HOW TO COMPLETE THIS TASK: Nothing beyond the line containing "Prezident İlham Əliyev" is to be printed; print exactly each line from the start of the records below through that line, leaving out pictures.

Stored items from a collection:
+--
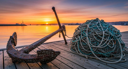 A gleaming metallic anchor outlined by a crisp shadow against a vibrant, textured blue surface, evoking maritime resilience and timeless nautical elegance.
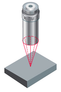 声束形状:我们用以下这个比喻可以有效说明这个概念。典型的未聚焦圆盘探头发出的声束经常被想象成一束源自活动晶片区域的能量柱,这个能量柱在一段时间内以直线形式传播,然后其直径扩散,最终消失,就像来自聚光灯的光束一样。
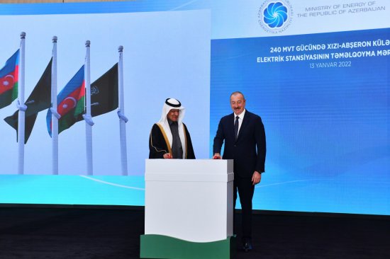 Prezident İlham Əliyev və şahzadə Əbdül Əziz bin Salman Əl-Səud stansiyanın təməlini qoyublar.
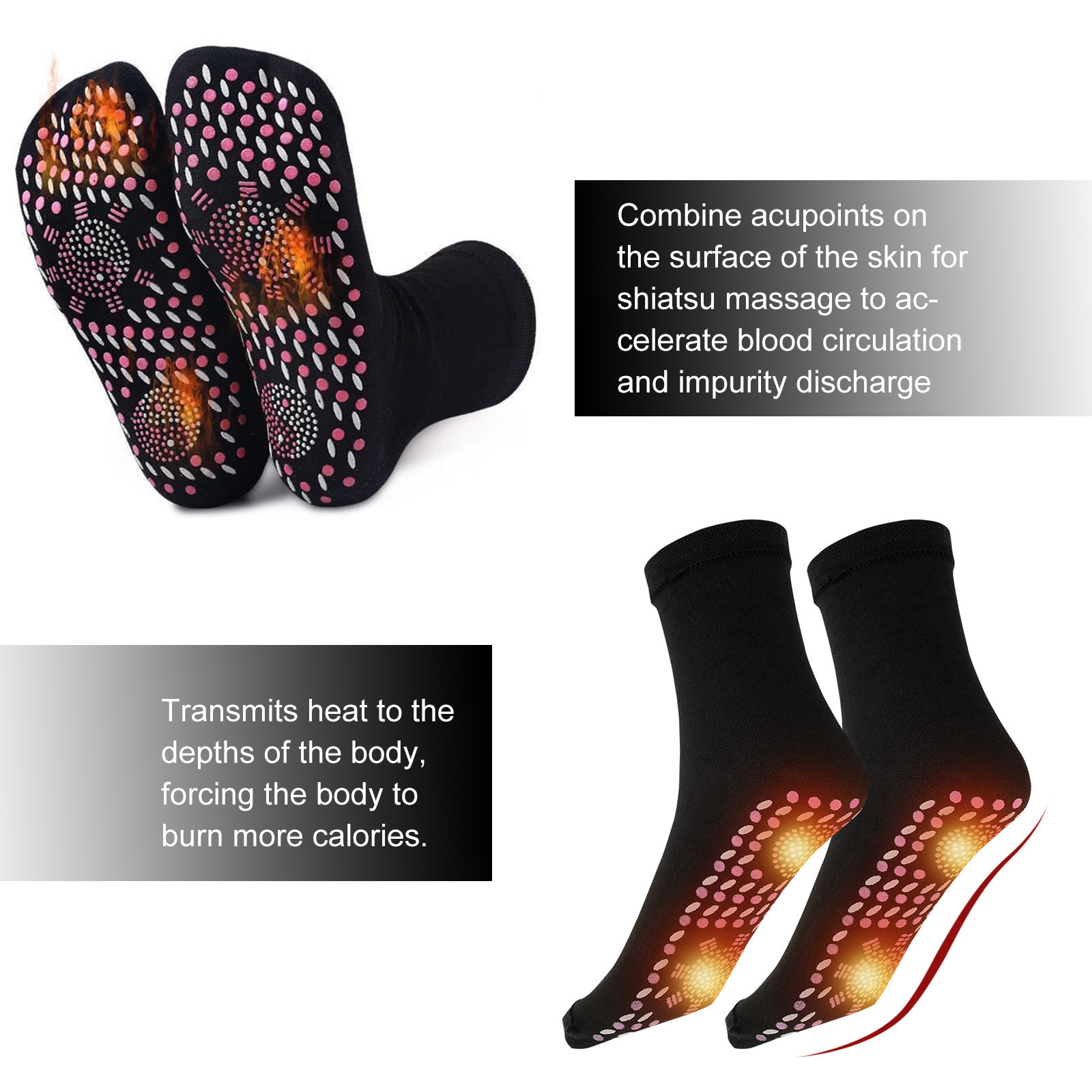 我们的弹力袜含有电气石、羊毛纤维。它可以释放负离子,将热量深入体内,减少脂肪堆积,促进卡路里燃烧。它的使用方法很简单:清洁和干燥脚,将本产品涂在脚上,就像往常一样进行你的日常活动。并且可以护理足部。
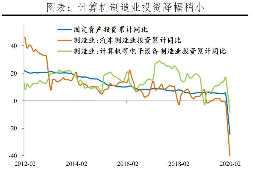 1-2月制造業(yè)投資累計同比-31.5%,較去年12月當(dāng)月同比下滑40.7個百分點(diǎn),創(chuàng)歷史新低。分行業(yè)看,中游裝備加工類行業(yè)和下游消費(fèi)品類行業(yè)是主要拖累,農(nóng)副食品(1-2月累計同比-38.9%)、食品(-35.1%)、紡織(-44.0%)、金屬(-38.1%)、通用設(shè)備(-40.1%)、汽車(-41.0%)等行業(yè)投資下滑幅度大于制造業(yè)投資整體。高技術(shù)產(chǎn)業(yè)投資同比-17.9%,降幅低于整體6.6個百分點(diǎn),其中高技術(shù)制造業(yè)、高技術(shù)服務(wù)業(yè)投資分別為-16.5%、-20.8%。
+--
RESPONSE TO THIS EXERCISE:
 A gleaming metallic anchor outlined by a crisp shadow against a vibrant, textured blue surface, evoking maritime resilience and timeless nautical elegance.
 声束形状:我们用以下这个比喻可以有效说明这个概念。典型的未聚焦圆盘探头发出的声束经常被想象成一束源自活动晶片区域的能量柱,这个能量柱在一段时间内以直线形式传播,然后其直径扩散,最终消失,就像来自聚光灯的光束一样。
 Prezident İlham Əliyev və şahzadə Əbdül Əziz bin Salman Əl-Səud stansiyanın təməlini qoyublar.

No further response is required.